Real number: imaginary coefficient = 0

m²-5m+6=0

m-2)(m-3)=0

m = 2 or m = 3

Imaginary number: imaginary coefficient≠0 m≠2 and m≠3

Pure imaginary number: imaginary coefficient≠0 real part = 0

m²-2m-4=0

m-1)²=5

m=1±√5

Zero: imaginary part = 0, real part = 0, known from the above problem solving process, no solution.

z=（m2-5m+6）+（m2-3m）i

z=(m-2)(m-3) +m(m-3)i is an imaginary number, then the imaginary part cannot be 0, so when m is not equal to 0 and m is not equal to 3, the original formula is an imaginary number pure imaginary number means: the real part is zero, so when m 2, it is a pure imaginary number ---

z = (m2-5m +6) + (m2-3m) I when m2-3m = m(m-3) = 0, such that m = 0 or 3:00 and z = 6 or 0, z is a real number;

square meters = meters (m-3) ≠0, meters ≠0 and m≠3, in z is an imaginary number; p> when 6 = (m-2) (m-3) = 0 in square meters of 5 m, and 3 m in square meters = m (m-3) ≠ 0, m = 2, that is, and z = -2i, z is a pure imaginary number.

z=[(m-3)(m+2) (m+3)]+m+3)(m-5)iFor fractions, m≠-3

For real numbers, the imaginary part is zero.

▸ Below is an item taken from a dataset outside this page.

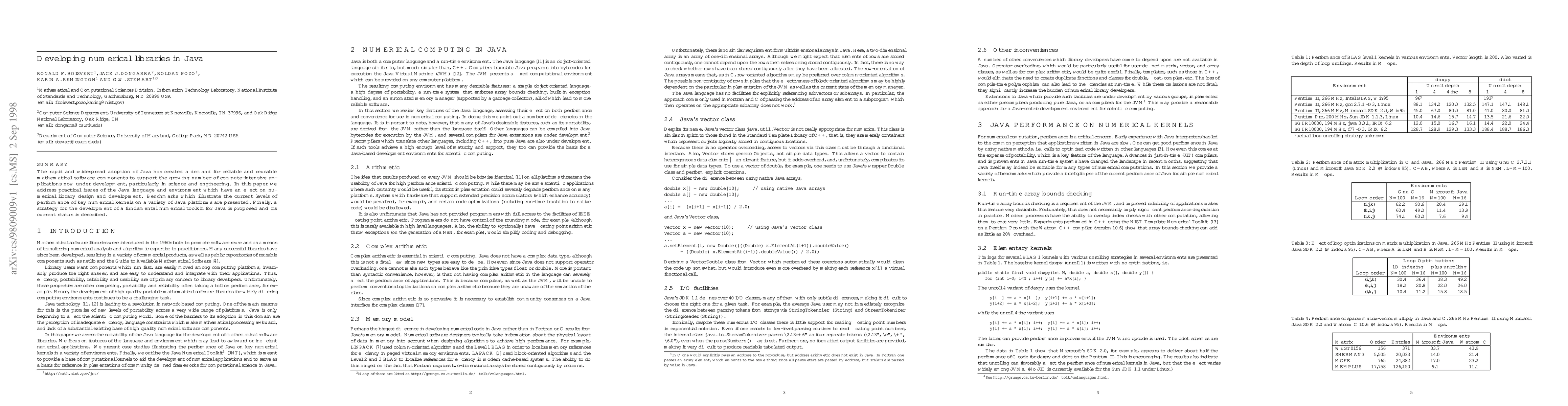 This paper addresses practical issues of Java for numerical library design, presents benchmarks on performance of key kernels, and proposes a strategy for developing a fundamental toolkit for Java.
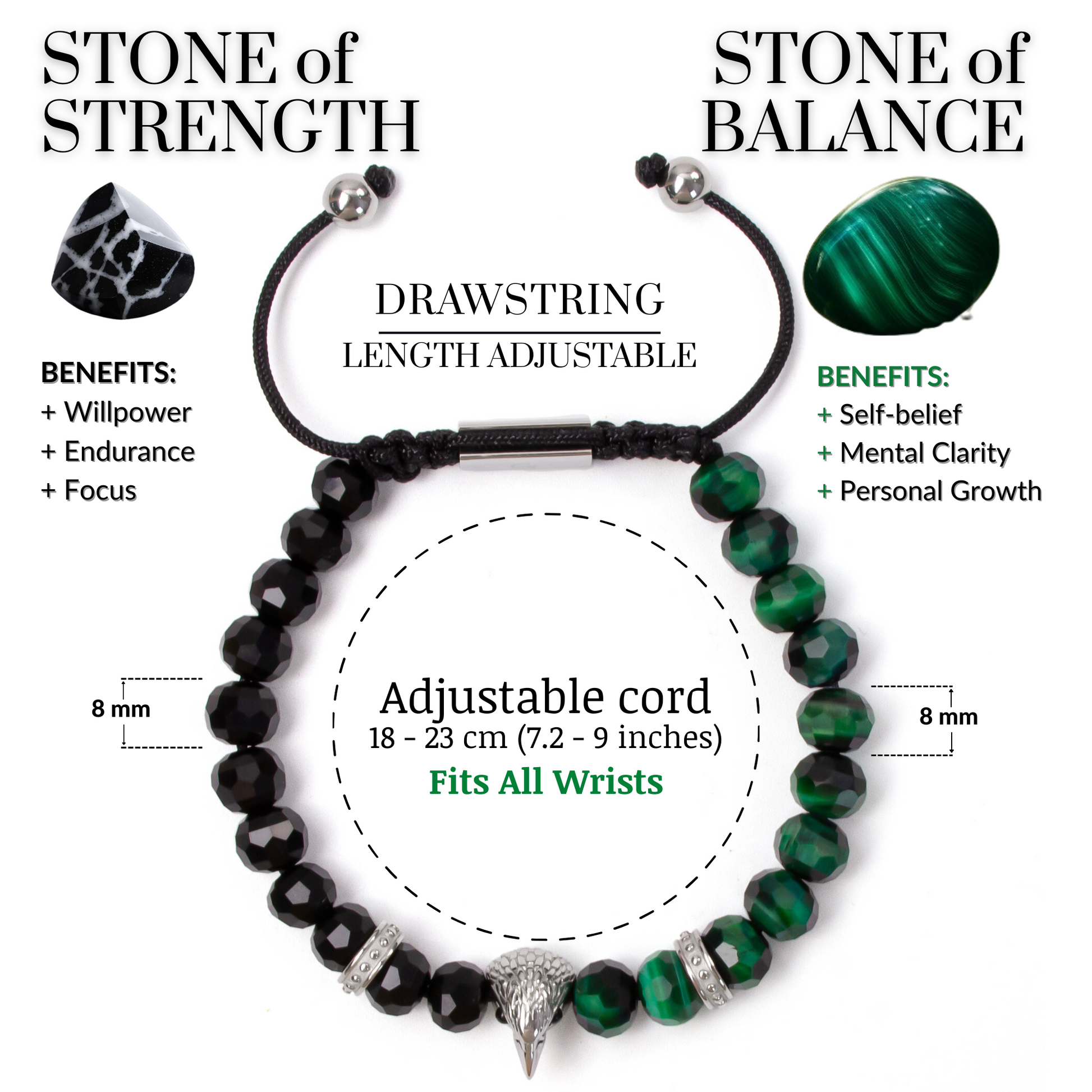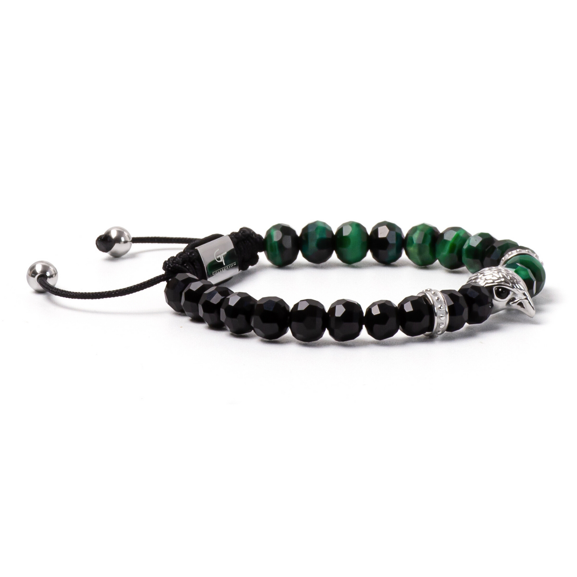Men's AMERICAN EAGLE Bracelet with GREEN TIGER EYE, ONYX Stone

So: m=5

imaginary number, then the imaginary part is not zero. So: m≠-3 and m≠5 is a pure imaginary number, then the real part is zero. So: m=3 or m=-2

Answer. Imaginary numbers:

6m²－m－1≠0

3m+1)(2m－1)≠0

i.e. m≠ 1 3 and m≠1 2

is a pure imaginary number: 6m m 1≠0

and 2m + 5m 3 = 0

Solve the second one.

2m－1)(m+3)=0

m=1 2 or 3

Combined with the condition that z is an imaginary number, m= 3 satisfies the topic.

Two conditions are satisfied, one is 2m 2+5m-3=0, that is, m=1 2 and m=-3, and the other is 6m 2-m-1≠0, that is, m≠1 2 and m≠-1 3, when the two conditions are combined, m=-3, z is a pure imaginary number.